◆ REQUIRED ACTION:
Please give the number of lines in the material below that contain "your", without further comment.

◆ MATERIAL PROVIDED:
>>
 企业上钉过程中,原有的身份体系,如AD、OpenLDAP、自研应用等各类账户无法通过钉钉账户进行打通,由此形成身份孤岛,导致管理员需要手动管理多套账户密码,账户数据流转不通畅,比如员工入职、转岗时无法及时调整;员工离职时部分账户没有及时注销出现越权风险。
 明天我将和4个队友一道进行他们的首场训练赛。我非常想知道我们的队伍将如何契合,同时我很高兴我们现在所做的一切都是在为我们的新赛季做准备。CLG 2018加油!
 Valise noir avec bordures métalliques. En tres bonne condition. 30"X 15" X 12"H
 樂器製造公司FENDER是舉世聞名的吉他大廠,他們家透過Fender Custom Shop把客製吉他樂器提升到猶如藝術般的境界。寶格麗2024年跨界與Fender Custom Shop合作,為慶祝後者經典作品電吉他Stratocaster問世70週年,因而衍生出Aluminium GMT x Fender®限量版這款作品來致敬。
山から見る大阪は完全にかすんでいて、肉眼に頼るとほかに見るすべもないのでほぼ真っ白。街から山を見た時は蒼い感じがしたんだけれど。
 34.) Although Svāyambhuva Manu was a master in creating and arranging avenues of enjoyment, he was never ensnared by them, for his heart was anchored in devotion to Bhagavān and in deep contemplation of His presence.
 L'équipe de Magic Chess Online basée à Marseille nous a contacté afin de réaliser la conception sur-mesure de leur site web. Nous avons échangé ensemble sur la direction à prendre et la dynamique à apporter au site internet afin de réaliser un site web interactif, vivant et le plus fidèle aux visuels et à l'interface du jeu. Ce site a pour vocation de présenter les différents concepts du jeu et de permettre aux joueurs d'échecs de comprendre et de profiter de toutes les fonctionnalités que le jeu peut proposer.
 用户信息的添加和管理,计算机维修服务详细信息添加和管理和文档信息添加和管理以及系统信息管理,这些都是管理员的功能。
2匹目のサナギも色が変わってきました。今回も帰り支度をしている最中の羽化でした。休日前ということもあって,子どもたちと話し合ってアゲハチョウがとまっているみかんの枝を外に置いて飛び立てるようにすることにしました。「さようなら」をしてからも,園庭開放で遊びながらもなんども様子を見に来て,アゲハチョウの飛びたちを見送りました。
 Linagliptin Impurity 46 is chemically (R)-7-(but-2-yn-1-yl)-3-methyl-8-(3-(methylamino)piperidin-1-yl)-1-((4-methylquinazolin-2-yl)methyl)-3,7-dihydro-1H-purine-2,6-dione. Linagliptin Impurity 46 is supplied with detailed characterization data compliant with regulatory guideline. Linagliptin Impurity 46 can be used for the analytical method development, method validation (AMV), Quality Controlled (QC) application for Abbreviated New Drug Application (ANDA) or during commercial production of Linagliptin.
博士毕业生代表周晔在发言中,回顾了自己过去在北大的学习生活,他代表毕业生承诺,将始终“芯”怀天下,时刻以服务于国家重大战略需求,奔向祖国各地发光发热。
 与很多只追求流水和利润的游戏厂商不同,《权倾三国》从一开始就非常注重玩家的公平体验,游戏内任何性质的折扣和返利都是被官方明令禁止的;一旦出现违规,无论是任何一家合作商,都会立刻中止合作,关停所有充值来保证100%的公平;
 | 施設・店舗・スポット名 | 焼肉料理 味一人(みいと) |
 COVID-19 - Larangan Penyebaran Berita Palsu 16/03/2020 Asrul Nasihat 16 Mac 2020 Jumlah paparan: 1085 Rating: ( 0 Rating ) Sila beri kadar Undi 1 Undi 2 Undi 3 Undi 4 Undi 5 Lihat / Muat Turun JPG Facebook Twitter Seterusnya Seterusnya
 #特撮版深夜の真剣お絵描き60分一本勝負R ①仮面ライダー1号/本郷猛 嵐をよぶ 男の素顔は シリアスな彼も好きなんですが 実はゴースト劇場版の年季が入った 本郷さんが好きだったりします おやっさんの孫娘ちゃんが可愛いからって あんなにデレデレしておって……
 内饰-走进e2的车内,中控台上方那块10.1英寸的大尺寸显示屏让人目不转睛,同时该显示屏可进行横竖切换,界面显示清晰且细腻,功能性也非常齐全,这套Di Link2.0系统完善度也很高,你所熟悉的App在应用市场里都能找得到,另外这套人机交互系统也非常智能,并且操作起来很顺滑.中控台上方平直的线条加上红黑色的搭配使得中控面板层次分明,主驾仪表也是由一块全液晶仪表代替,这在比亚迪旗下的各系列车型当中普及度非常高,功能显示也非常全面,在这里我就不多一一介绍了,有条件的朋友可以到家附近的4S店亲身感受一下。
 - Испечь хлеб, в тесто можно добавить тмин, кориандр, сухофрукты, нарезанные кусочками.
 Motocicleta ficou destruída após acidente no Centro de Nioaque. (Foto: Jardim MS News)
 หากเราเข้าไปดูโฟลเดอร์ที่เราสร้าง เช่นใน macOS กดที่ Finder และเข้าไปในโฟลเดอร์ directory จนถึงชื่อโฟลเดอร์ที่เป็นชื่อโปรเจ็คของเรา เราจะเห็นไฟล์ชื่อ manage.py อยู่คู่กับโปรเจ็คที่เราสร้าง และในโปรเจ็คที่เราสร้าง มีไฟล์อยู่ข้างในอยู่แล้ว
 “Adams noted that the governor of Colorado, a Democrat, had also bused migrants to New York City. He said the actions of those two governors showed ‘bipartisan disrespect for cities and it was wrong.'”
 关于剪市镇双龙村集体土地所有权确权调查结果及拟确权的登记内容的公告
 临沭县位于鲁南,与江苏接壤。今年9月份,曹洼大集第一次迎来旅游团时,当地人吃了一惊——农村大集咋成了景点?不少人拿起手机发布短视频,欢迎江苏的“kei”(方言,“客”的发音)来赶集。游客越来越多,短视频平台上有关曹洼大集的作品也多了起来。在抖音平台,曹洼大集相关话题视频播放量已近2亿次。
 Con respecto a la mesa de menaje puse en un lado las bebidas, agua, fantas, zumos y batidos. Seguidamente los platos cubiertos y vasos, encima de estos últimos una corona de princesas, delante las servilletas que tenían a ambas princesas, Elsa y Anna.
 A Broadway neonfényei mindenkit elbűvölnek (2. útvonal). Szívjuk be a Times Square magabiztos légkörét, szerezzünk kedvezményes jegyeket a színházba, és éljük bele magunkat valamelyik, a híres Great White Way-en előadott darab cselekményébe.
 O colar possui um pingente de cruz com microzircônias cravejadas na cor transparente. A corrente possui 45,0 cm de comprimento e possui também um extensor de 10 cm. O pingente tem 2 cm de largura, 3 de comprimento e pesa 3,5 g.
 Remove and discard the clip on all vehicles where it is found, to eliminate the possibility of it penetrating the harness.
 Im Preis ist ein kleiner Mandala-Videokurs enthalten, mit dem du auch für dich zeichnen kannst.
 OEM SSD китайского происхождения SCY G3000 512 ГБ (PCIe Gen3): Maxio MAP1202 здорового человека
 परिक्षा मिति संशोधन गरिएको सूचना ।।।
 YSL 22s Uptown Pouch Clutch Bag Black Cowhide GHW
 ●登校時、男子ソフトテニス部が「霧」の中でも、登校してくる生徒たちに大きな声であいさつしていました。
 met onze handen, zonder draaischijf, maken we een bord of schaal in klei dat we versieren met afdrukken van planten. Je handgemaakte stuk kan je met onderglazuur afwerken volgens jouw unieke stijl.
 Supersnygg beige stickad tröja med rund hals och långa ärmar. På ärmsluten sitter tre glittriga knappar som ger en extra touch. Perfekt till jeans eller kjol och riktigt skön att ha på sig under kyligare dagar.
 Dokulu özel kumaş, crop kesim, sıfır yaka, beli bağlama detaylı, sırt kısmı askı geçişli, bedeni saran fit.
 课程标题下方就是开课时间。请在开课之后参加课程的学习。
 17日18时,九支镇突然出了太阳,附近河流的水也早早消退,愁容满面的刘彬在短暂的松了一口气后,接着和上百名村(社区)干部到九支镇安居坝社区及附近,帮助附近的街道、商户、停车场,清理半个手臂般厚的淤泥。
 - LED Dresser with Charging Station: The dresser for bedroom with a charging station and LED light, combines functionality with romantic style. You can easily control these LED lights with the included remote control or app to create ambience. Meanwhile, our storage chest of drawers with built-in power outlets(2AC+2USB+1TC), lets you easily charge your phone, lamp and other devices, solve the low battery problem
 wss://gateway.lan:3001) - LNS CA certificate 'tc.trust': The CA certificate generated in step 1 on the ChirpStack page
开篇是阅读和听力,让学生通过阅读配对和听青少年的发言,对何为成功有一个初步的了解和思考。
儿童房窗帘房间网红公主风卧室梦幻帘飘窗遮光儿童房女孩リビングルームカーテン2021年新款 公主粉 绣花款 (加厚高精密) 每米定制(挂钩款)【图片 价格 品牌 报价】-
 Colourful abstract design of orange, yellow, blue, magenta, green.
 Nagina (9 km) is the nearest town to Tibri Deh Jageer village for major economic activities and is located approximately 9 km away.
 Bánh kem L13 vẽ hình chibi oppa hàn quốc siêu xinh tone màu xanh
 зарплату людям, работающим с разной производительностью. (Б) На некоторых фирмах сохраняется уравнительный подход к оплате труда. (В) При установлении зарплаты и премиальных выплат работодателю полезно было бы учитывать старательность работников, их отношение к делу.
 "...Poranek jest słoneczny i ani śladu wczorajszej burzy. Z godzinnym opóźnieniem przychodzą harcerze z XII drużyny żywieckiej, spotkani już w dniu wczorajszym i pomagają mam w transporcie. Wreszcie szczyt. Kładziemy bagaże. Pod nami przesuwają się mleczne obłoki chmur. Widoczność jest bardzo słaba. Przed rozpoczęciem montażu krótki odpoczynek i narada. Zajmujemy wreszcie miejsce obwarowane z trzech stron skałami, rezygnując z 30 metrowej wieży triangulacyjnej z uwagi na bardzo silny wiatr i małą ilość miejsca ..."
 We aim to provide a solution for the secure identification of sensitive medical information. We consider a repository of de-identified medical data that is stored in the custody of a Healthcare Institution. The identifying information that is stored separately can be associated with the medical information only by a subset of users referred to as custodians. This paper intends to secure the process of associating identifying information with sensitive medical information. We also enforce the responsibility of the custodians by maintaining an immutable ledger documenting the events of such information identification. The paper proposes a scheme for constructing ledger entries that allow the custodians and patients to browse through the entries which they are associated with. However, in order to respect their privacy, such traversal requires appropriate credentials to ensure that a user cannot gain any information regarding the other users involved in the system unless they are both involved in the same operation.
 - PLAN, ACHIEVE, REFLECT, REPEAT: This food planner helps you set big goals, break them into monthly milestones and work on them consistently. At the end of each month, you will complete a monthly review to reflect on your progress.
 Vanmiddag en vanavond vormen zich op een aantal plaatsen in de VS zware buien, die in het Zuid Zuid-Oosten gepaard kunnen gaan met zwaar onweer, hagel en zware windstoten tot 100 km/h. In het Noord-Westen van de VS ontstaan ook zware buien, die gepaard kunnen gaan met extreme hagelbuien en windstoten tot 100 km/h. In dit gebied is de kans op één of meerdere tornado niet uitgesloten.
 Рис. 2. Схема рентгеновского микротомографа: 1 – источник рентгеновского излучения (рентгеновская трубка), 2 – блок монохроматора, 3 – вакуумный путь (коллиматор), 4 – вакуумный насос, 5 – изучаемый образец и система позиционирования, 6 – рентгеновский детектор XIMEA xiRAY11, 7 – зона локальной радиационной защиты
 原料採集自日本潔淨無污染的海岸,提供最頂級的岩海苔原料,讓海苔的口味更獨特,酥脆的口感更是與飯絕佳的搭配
<<
◆ OUTPUT OF THE EXERCISE:
2